Uma dúvida muito comum entre pacientes é: como é feito o implante dentário, na prática? Embora muitas pessoas associem o tratamento apenas à colocação de um “parafuso” no osso, o processo é mais completo e envolve várias etapas planejadas com cuidado.
O implante dentário é indicado para substituir a raiz de um dente perdido e servir como base para uma prótese fixa, ajudando a recuperar a mastigação, a estabilidade e a estética do sorriso. Para isso, tudo começa com uma avaliação detalhada, que pode incluir exame clínico, tomografia e análise da saúde gengival e óssea.
Neste artigo, você vai entender cada fase do tratamento, desde o diagnóstico inicial até a instalação da coroa final. A ideia é explicar, de forma clara e acessível, como funciona a cirurgia, o que é a osseointegração, quando pode ser necessário enxerto ósseo e por que o acompanhamento profissional é tão importante para o sucesso do implante dentário.
O que é um implante dentário?
O implante dentário é uma estrutura, geralmente feita de titânio ou zircônia, inserida cirurgicamente no osso da mandíbula ou da maxila para substituir a raiz de um dente perdido.
Depois de integrado ao osso, ele serve como base para receber uma prótese, que pode ser uma coroa unitária, uma ponte fixa ou uma prótese total sobre implantes.
A ideia central do tratamento é devolver função mastigatória, estabilidade, estética e conforto. Mas, antes de pensar no “dente pronto”, é importante entender que o implante é um tratamento planejado em etapas.
Como começa o planejamento do implante dentário?
O primeiro passo é o diagnóstico. Nessa fase, o cirurgião-dentista avalia a saúde bucal, o histórico médico, a quantidade de osso disponível, a gengiva, a mordida e os hábitos do paciente.
Exames clínicos e de imagem ajudam a responder perguntas essenciais: há osso suficiente? Existe inflamação gengival? O espaço entre os dentes está adequado? A região tem proximidade com nervos, seio maxilar ou outras estruturas anatômicas?
Um dos exames mais usados é a tomografia computadorizada de feixe cônico, conhecida como cone beam.

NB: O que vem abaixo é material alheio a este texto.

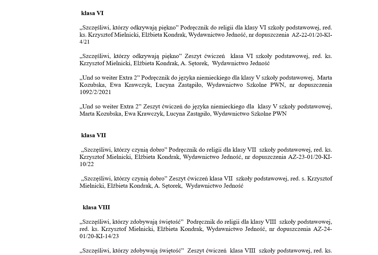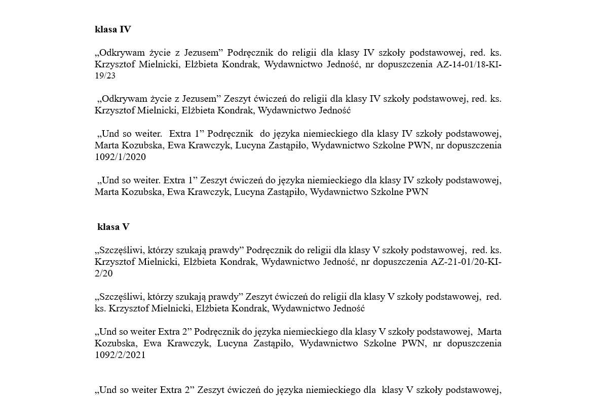 W załączniku znajduje się spis podręczników i zeszytów ćwiczeń, które należy zakupić we własnym zakresie. Są to religia: dla klas 0-8 oraz język niemiecki dla klas 4-6.

Ela permite visualizar altura, largura e densidade óssea em três dimensões.
Por que o planejamento reverso é importante?
No implante dentário moderno, o planejamento não começa apenas pelo osso. Ele começa pelo resultado protético desejado.
Isso é chamado de planejamento reverso: primeiro se pensa onde o dente final precisa ficar para mastigar bem e parecer natural; depois se define a melhor posição cirúrgica do implante.
Essa lógica evita que o implante seja colocado em uma posição tecnicamente possível, mas inadequada para receber uma coroa funcional e estética.
O que acontece antes da cirurgia do implante?
Antes da cirurgia, pode ser necessário tratar cáries, doença periodontal, infecções, bruxismo não controlado ou problemas de higiene oral.
Quando há perda óssea importante, o paciente pode precisar de enxerto ósseo. O enxerto ajuda a reconstruir volume ósseo para que o implante tenha suporte adequado.
Em algumas regiões posteriores da maxila, pode ser indicado o levantamento do seio maxilar. Esse procedimento aumenta a altura óssea disponível abaixo do seio maxilar, permitindo a instalação segura do implante.
Todo paciente precisa de enxerto ósseo?
Não. Muitos pacientes apresentam osso suficiente para receber o implante diretamente.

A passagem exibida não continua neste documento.